The United States and India convened a 2+2 Ministerial Dialogue in Washington this week, releasing a substantive joint statement and signing a number of significant agreements that will deepen a defence partnership vital to both countries. These concrete steps represent essential progress in building the US-India strategic partnership necessary to deter aggression by the Chinese Communist Party (CCP).
The joint declaration does not mention China, but the Sino-subtext runs throughout the document. While Pakistan and terrorism top New Delhi’s list of security concerns, Beijing’s growing political, military, informational and economic power represents a leading shared motivation for the deepening ties between Washington and New Delhi. Additionally there is concern in New Delhi that Beijing, as Pakistan’s leading patron, turns a blind eye to terrorist activity directed at India.
Mutual concern regarding the multi-faceted authoritarian challenge posed by Beijing is manifest throughout the declaration. The first paragraph highlights shared “democratic values”, which explicitly include “freedom, justice, human rights, and commitment to the rule of law”.
This is in stark contrast with a CCP that maintains its authoritarian monopoly on power at home through surveillance and oppression, while extending its power abroad through bullying, corruption and subterfuge.
Undoubtedly, both the US and India sometimes struggle to live up to their ideals. Nonetheless, these values serve as a touchstone and guidepost for constitutional democratic governments that derive their power from their citizens and can self-correct when they fall short.
American and Indian shared democratic values lead naturally to shared national security interests. The declaration reiterates the commitment of two of the world’s great democracies to a “free, open, inclusive, peaceful, and prosperous Indo-Pacific region”. Eliminating any lingering doubt regarding the intended audience in Beijing, the declaration touts the US and Indian support for “ASEAN centrality, rule of law, freedom of navigation and overflight, peaceful resolution of disputes, and sustainable and transparent infrastructure investment.”
The declaration reiterates support for important diplomatic and military initiatives. These include growing trilateral cooperation between the US, India, and Japan, as well as quadrilateral cooperation that adds Australia. A partnership between those four democracies that is diplomatically unified and militarily capable would represent the worst nightmare for the People’s Liberation Army and the best deterrent to additional Chinese aggression.

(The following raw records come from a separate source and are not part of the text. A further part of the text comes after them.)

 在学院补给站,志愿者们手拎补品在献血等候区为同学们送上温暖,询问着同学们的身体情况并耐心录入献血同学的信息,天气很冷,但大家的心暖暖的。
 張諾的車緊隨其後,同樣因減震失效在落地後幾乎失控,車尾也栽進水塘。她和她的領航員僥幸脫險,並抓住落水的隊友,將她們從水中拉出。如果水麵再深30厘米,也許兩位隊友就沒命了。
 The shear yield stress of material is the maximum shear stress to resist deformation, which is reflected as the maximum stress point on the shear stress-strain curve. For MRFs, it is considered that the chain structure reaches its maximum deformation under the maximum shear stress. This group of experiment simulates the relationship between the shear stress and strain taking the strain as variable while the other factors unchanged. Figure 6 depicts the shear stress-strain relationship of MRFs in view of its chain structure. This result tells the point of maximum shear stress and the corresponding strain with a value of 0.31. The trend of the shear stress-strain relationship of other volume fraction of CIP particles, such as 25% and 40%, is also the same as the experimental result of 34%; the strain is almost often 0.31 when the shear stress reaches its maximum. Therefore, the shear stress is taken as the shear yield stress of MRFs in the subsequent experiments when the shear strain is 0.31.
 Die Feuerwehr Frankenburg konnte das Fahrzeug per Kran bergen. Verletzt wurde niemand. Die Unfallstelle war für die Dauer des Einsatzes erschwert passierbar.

Reflecting India’s status as a Major Defense Partner of the US, the declaration says the two countries share a desire “to build a comprehensive, enduring, and mutually beneficial defense partnership and to expand all aspects of their security and defense cooperation”.

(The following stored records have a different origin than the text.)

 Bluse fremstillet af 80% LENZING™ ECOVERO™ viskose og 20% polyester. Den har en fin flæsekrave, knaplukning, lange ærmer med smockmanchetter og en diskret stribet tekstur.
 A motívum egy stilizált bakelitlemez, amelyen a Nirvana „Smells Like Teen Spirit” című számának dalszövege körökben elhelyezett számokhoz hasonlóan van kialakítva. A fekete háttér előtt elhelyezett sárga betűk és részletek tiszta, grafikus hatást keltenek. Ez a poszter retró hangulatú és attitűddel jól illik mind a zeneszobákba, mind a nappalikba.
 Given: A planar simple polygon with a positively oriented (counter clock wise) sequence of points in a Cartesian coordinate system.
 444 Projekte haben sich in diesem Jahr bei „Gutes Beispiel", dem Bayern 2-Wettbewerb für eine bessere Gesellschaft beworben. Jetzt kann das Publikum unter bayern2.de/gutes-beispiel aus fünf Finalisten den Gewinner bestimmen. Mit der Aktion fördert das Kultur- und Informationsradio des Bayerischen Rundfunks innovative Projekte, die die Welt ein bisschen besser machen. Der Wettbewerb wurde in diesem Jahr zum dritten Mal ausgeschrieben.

These are not just vacuous diplomatic pronouncements; the two governments are backing these pronouncements with specific and substantive action.
Combined maritime operations, for example, include “growing and increasingly sophisticated cooperation between their two Navies” in the Malabar exercise, as well as making the tri-service amphibious Tiger Triumph exercise an annual event.

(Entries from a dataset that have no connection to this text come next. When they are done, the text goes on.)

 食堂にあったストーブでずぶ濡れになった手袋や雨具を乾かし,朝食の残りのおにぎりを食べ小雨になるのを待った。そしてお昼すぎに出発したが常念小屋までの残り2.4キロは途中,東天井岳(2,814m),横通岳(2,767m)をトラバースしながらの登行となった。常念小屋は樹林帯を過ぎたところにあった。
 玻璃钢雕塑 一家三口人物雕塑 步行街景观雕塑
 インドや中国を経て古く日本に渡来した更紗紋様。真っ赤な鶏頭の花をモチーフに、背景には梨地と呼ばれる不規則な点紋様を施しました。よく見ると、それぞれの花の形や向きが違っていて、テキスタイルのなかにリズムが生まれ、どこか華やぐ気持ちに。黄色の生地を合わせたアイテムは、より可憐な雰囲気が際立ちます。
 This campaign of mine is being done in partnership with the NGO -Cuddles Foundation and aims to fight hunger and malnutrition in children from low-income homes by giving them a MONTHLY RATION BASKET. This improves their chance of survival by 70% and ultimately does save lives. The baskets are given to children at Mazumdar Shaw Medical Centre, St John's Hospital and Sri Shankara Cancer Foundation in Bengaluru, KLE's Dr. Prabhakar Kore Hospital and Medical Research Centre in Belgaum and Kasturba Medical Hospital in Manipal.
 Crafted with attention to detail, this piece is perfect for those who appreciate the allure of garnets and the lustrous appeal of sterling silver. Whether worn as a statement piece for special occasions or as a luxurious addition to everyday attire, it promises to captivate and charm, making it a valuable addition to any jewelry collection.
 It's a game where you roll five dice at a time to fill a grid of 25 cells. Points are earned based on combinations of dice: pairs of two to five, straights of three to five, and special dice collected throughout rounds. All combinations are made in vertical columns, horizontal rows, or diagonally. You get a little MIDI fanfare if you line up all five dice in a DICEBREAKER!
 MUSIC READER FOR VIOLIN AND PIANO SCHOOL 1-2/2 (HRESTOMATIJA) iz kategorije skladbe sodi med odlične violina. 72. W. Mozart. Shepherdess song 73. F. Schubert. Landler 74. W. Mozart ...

The declaration also reaffirms a commitment to build cooperation between the respective Armies, Air Forces, and Special Operations forces. Accordingly, the Military Cooperation Group will perform annual reviews in search of new opportunities.
Perhaps most importantly, the US and India signed an Industrial Security Annex (ISA) and a number of Defense Technology and Trade Initiative (DTTI) documents. The ISA will foster the exchange of classified information between the defence industries in both countries.
For their part, the DTTI documents that Under Secretary of Defense for Acquisition and Sustainment Ellen Lord and Indian Secretary for Defence Production Subhash Chandra signed include an Industry Collaboration Forum agreement, a Standard Operating Procedure, and a Statement of Intent (SOI).
Notably, the SOI declared a joint intent to achieve “measureable progress” on several specific projects, including “Lightweight Small Arms Technologies and Air-Launched Small Unmanned Aircraft Systems, and Intelligence, Surveillance, Target Acquisition and Reconnaissance”.
Fostering strong alternate centres of power in the Indo-Pacific that can push back against Beijing’s belligerence serves US interests and promotes regional security. But as with all agreements and commitments, implementation and follow-up will be key.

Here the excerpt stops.